Strengthens Bones & Teeth
Calcium is an integral part of the human diet, and prickly pears contain a significant level of it in every serving. Calcium is a very important element in the creation of bone tissue in the body; in fact, 99% of the calcium in our body is found in bones and teeth. By ensuring you have enough calcium in your system, you can prevent various dental issues, as well as age-related bone disorders like osteoporosis.
Aids in Digestion
Prickly pears have a significant level of dietary fiber, like most fruits and vegetables, so these spiny fruits can help you regulate your digestive process. Fiber bulks up the stool to help food pass through the digestive tract easily, thereby eliminating constipation, bloating, and serious gastrointestinal issues such as colon cancer or gastric ulcers.
Protects Heart Health
There are a number of components of prickly pears that make it very good for heart health. First of all, the levels of fiber in the fruit can help lower the levels of (bad) LDL cholesterol in the body; while the significant levels of potassium can help to lower blood pressure, by relaxing the blood vessels and reducing the stress on the cardiovascular system. Finally, the betalains found in prickly pear, have been directly connected to strengthening the endothelial walls of blood vessels, thereby reducing the chances of weakening the circulatory system. Reducing cholesterol, lowering blood pressure, and strengthening blood vessels can prevent atherosclerosis, coronary heart diseases, and stroke.
Everyone is looking for a cure for cancer, but unfortunately, our best bet is still to eat as many antioxidants as we can to combat the effects of free radicals. Prickly pears have high levels of flavonoids, polyphenols, and betalains, all of which act as antioxidant compounds and neutralize free radicals before they cause healthy cells to mutate into cancerous cells. Studies have shown lower chances of cancer in people who regularly add these types of antioxidants to their diet.
These antioxidant compounds do more than preventing cancer; they also protect the skin, lower the chances of premature aging, improve vision, prevent macular degeneration, and also increase the strength and functionality of your brain. Free radicals are partially responsible for the oxidation of neural cells that lead to dementia and Alzheimer’s disease. Polyphenolic compounds have been linked to increased cognitive activity.

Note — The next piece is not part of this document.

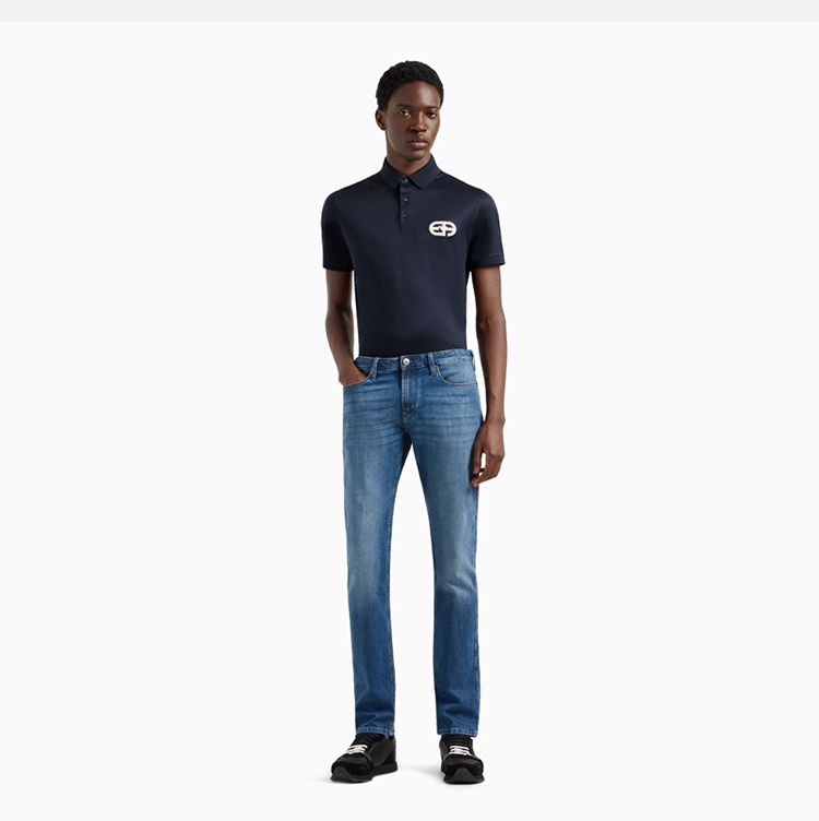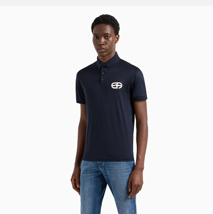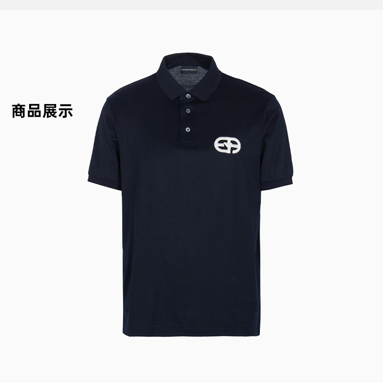 【一】EMPORIO ARMANI 阿玛尼 男士 ASV 徽标凸纹刺绣莱赛尔混纺针织短袖 Polo 衫 深蓝色 8N1FB6 1JUVZ 0920

Like all fruits with high fiber and nutrient density, low calories, and saturated fat, prickly pears can keep your body in a healthy form without packing on any extra weight. Also, the fiber and carbohydrates prevent you from overeating!
In traditional medicine, prickly pear was mashed and applied topically to parts of the body that were inflamed. When consumed, some of the antioxidants and minerals in prickly pears can lower inflammation, particularly in conditions like arthritis, gout, or muscle strain. It can also be topically applied to eliminate the swelling of bug bites, a method that has been in use for hundreds of years.